* **DIRECTIONS**
Retype each line of the data below exactly, beginning with the first and ending with the one that contains "学院党委书记吕守华从聚焦理论". Pictures do not belong in the copy.

* **COLLECTED DATA**
----------------
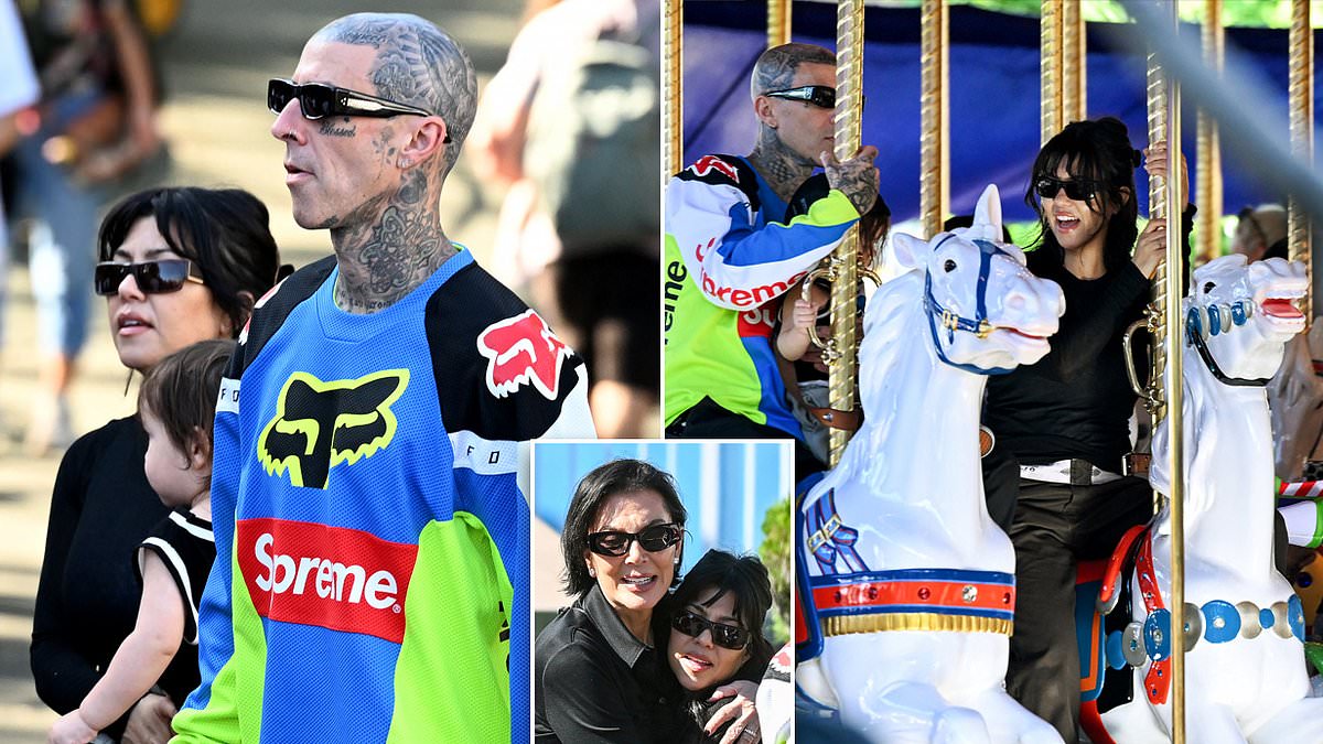 ابتهج كورتني كارداشيان ببهجة أثناء ركوبه للملك آرثر كاروسيل إلى جانب جارتها التي تحولت إلى زوجها ترافيس باركر وابنهما روكي الثالث عشر في ديزني لاند بارك في أنهايم ، كاليفورنيا يوم الاثنين.
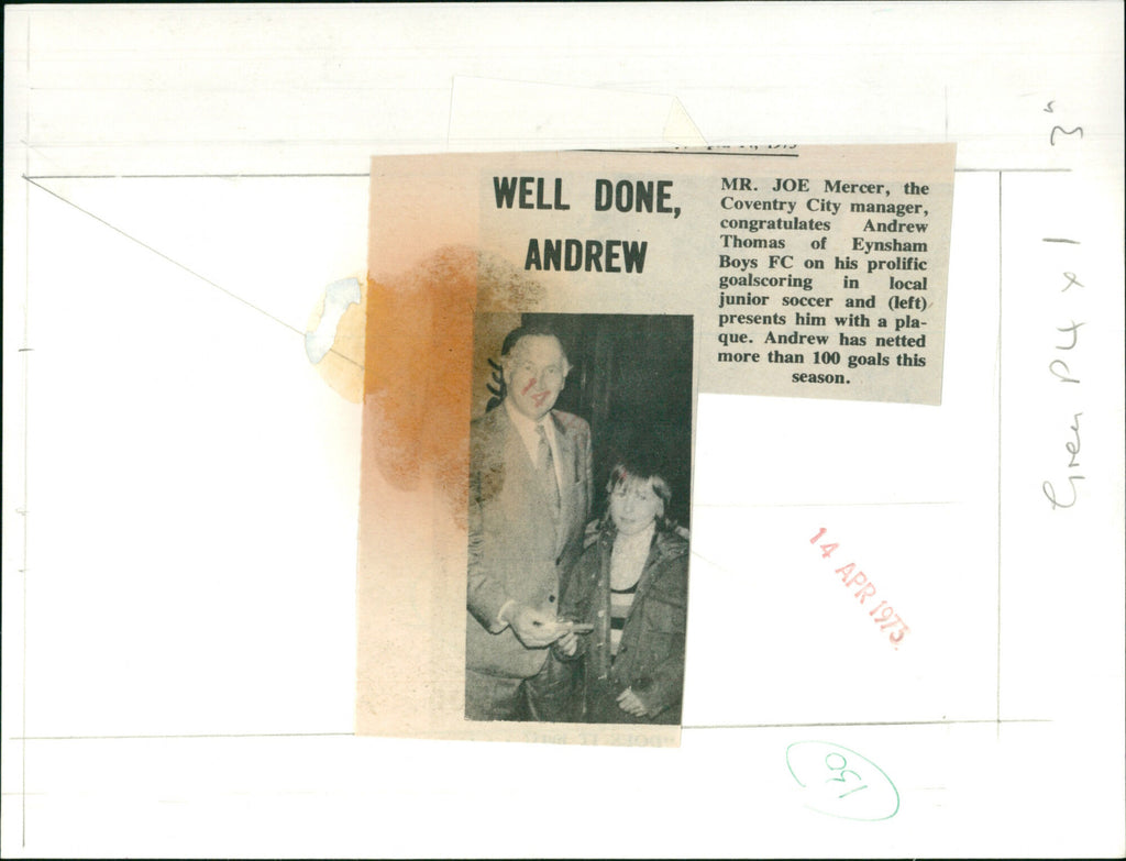 Joe Mercer, the Coventry City manager, congratulates Andrew Thomas on his prolific goalscoring in local junior soccer and presents him with a plaque. Joe Mercer, the Coventry City manager, congratulates Andrew Thomas on his prolific goalscoring in local junior soccer and presents him with a plaque.
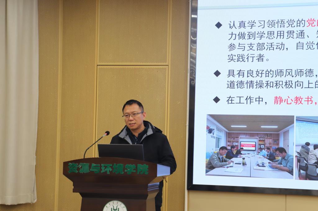 学院党委书记吕守华从聚焦理论学习、聚焦主责主业、聚焦铸魂育人、聚焦担当作为、聚焦发展环境等五个方面进行个人述职,他指出,在未来工作中要进一步抓好创新理论武装,做好学用结合文章;进一步落实发展规划,推动学院事业高质量发展。学院院长谭文峰从日常工作、学科建设、国际交流与合作、党风廉政建设情况等方面进行总结,他谈到,学院将进一步梳理学科发展思路,以耕地质量提升和农业农村环境改善为核心,立足长江经济带生态环境与绿色发展需求,从“土壤-作物-环境”多个维度开展立体化公关,服务“藏粮于地、藏粮于技”和国家生态文明发展战略。学院党委副书记熊海林,副院长石磊、王昭、史志华、蔡鹏依次进行个人述职述廉。与会教职工对学院领导班子和班子成员进行了现场民主测评。
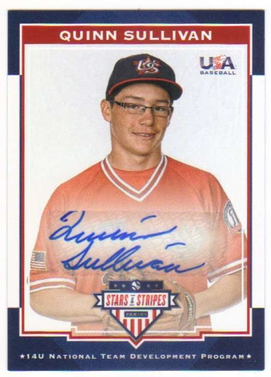 2017 Panini Stars and Stripes 14U National Team Signatures AUTO /399 #22 Quinn Sullivan Bleacher Seats Card Profile Year / Season - 2017 Manufacturer - Panini Brand Name - Stars and Stripes Sub Set - 14U National Team Signatures Card Number - 22 Player - Quinn Sullivan Team - USA Baseball 14U National Team Development Program Serial Numbered Numbered to only /399 Card Type - Autograph This base card is number 22 from the 14U National Team Signatures set from 2017 Panini Stars and Stripes Baseball. You can find more Quinn Sullivan or USA Baseball 14U National Team Development Program cards in our ebay store. Visit Our Store - Browse Our Full Inventory Find More 2017 Baseball Cards Here! * All Cards at Bleacher Seats Collectibles are verified to be of NRMT-MT condition or better. Product: Single-Insert Player: Quinn Sullivan Team: USA Baseball 14U National Team Development Program Season: 2017 Era: Modern (1981-Now) Card Manufacturer: Panini Brand: Panini Stars and Stripes Series: Stars and Stripes Set: 14U National Team Signatures Card Number: 22 Print Run: 399 Card Attributes: Serial Numbered,Autograph Need Supplies? We Carry Everything! 100,000's of cards In stock now! Purchase Multiple Cards, One Low Rate Covers Your Entire Order Trading cards only, all cards must be combined and paid for on a single order to qualify for Flat Rate Shipping . IMPORTANT! During checkout be sure that you have the same shipping service selected for all of your cards (Economy, Standard, etc.) Doing so will ensure that you are charged the Flat Rate and all cards will ship together. If multiple payments are sent or different shipping services are selected during checkout, orders will be split and shipped separately. We ship Worldwide, please see International Rates below. CHEAPEST! Economy Shipping ($0.99) Additional cards ship free if purchased on the same order. Orders are sent economically. Single Card orders of 1-2 cards will be shipped securely within semi-rigid holders and mailed within a plain envelope. Large orders will be upgraded free of charge. Economy shipping is not available for higher value cards, super thick or jersey cards, team sets, or player lots. (Most orders arrive in 5-7 business days) FASTER-SAFER! Standard Bubble Mailer Shipping - ($2.99) Additional cards ship free if purchased on the same order. Orders are packaged with extreme care. Cards will arrive within a soft sleeves and toploaders. Orders are shipped in bubble cushioned mailers for extreme protection via USPS First Class Package Service and online tracking will be provided. (Most orders arrive in 3-5 business days.) INTERNATIONAL Canada ($2.49), Worldwide ($2.99) For Interntional Orders Only, Additional Single Cards are $0.25 each, Team Sets and Multi-Card lots are $0.75 each Your first stop for new release trading card singles on the web. We are the most diverse case breaker on Ebay or anywhere else on the web. Breaking cases of every new set across all major sports as well as many non-sport and even more obscure releases. We also stock a full line of collecting supplies for collectors of all types, as well as novelty and gift items for special occasions. Whether you're looking to have fun just getting in (or back into) the hobby, or you're the extreme collector looking for constant everyday value and hard to come by gems, be sure to check us out first.
----------------
* **PROBLEM SOLUTION**
 ابتهج كورتني كارداشيان ببهجة أثناء ركوبه للملك آرثر كاروسيل إلى جانب جارتها التي تحولت إلى زوجها ترافيس باركر وابنهما روكي الثالث عشر في ديزني لاند بارك في أنهايم ، كاليفورنيا يوم الاثنين.
 Joe Mercer, the Coventry City manager, congratulates Andrew Thomas on his prolific goalscoring in local junior soccer and presents him with a plaque. Joe Mercer, the Coventry City manager, congratulates Andrew Thomas on his prolific goalscoring in local junior soccer and presents him with a plaque.
 学院党委书记吕守华从聚焦理论学习、聚焦主责主业、聚焦铸魂育人、聚焦担当作为、聚焦发展环境等五个方面进行个人述职,他指出,在未来工作中要进一步抓好创新理论武装,做好学用结合文章;进一步落实发展规划,推动学院事业高质量发展。学院院长谭文峰从日常工作、学科建设、国际交流与合作、党风廉政建设情况等方面进行总结,他谈到,学院将进一步梳理学科发展思路,以耕地质量提升和农业农村环境改善为核心,立足长江经济带生态环境与绿色发展需求,从“土壤-作物-环境”多个维度开展立体化公关,服务“藏粮于地、藏粮于技”和国家生态文明发展战略。学院党委副书记熊海林,副院长石磊、王昭、史志华、蔡鹏依次进行个人述职述廉。与会教职工对学院领导班子和班子成员进行了现场民主测评。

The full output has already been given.